■ What the task requires ■
The full listing, returned exactly and free of pictures, is the expected answer.

*** Collected data

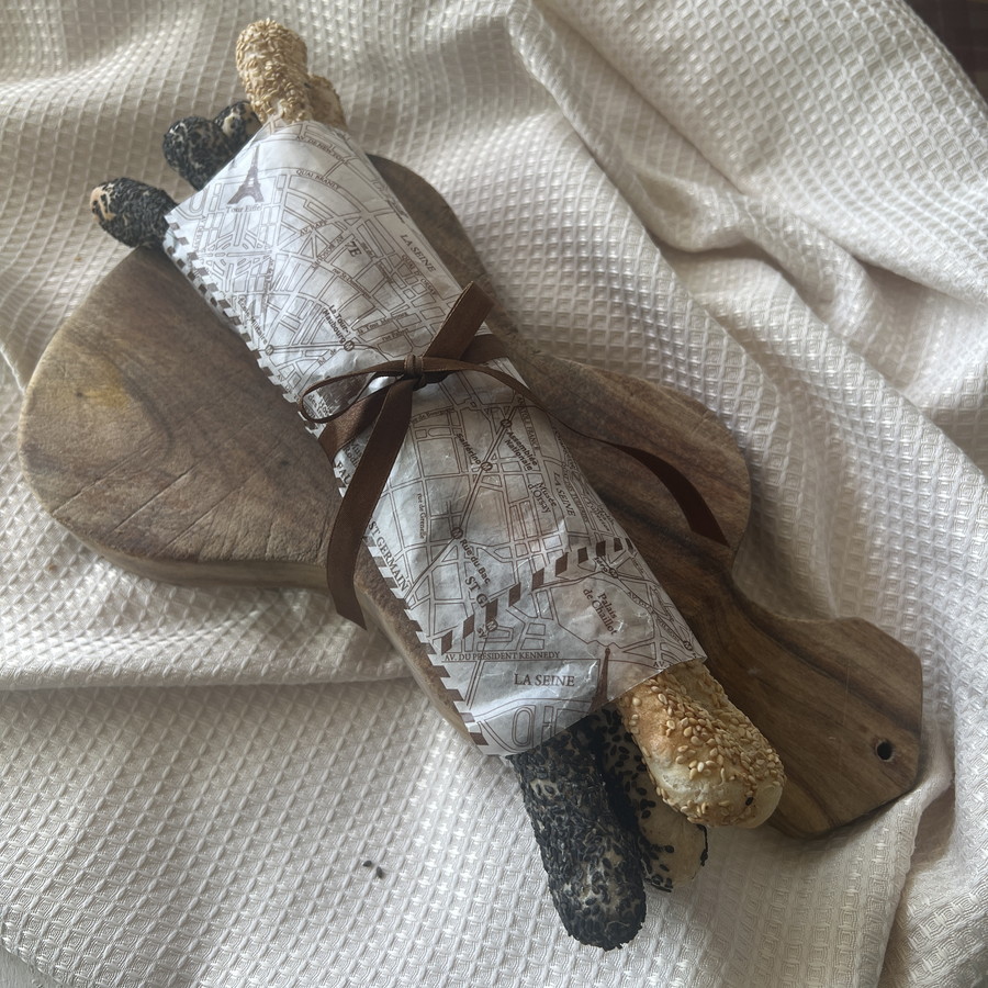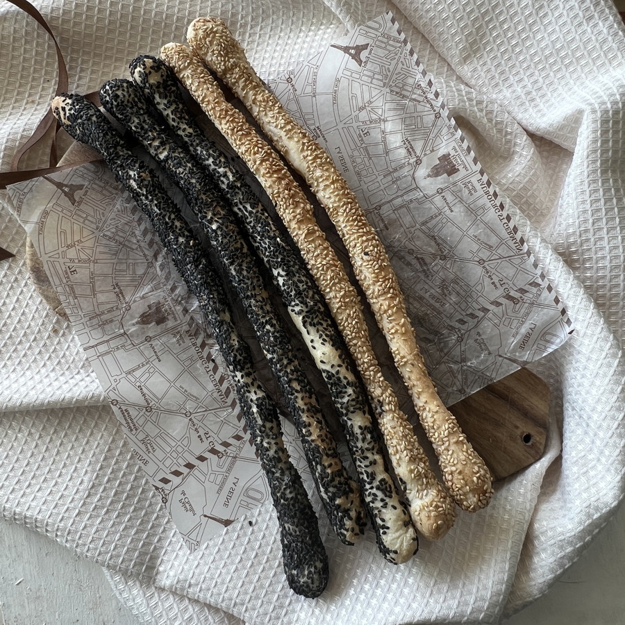 オーブンで焼き上げれば、香ばしい胡麻の風味が広がるカリッと軽い食感のグリッシーニが完成します。
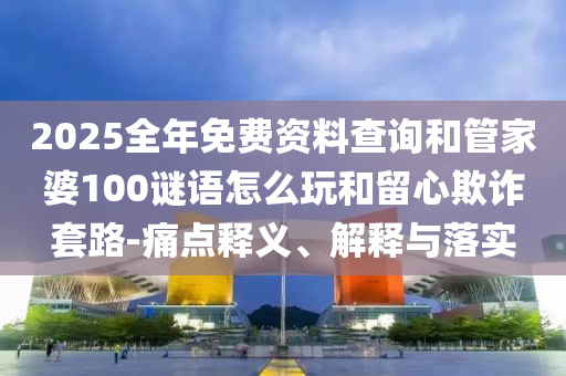 2025全年免費資料查詢”和“管家婆100謎語”的痛點釋義、解釋與落實,以及公眾對虛假宣傳和欺詐套路的警惕提示
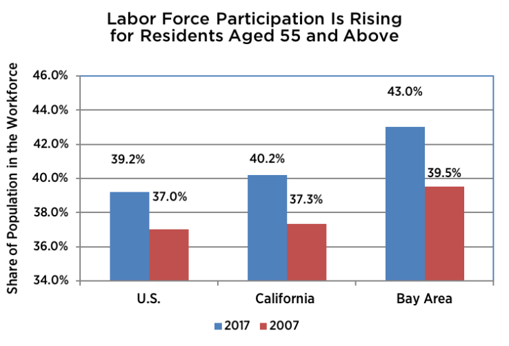 The results reveal two trends. First, labor force participation rates fall sharply after age 55 even after accounting for older workers working longer. Second, the Bay Area population is aging, and a large share of regional growth to 2030 is in residents 55 and older. Retirements may be delayed, but they do happen eventually. The first chart below shows that labor force participation rates for older workers have increased in the nation, state and region, a trend expected to continue.

******

■ Output of the task ■
 オーブンで焼き上げれば、香ばしい胡麻の風味が広がるカリッと軽い食感のグリッシーニが完成します。
 2025全年免費資料查詢”和“管家婆100謎語”的痛點釋義、解釋與落實,以及公眾對虛假宣傳和欺詐套路的警惕提示
 The results reveal two trends. First, labor force participation rates fall sharply after age 55 even after accounting for older workers working longer. Second, the Bay Area population is aging, and a large share of regional growth to 2030 is in residents 55 and older. Retirements may be delayed, but they do happen eventually. The first chart below shows that labor force participation rates for older workers have increased in the nation, state and region, a trend expected to continue.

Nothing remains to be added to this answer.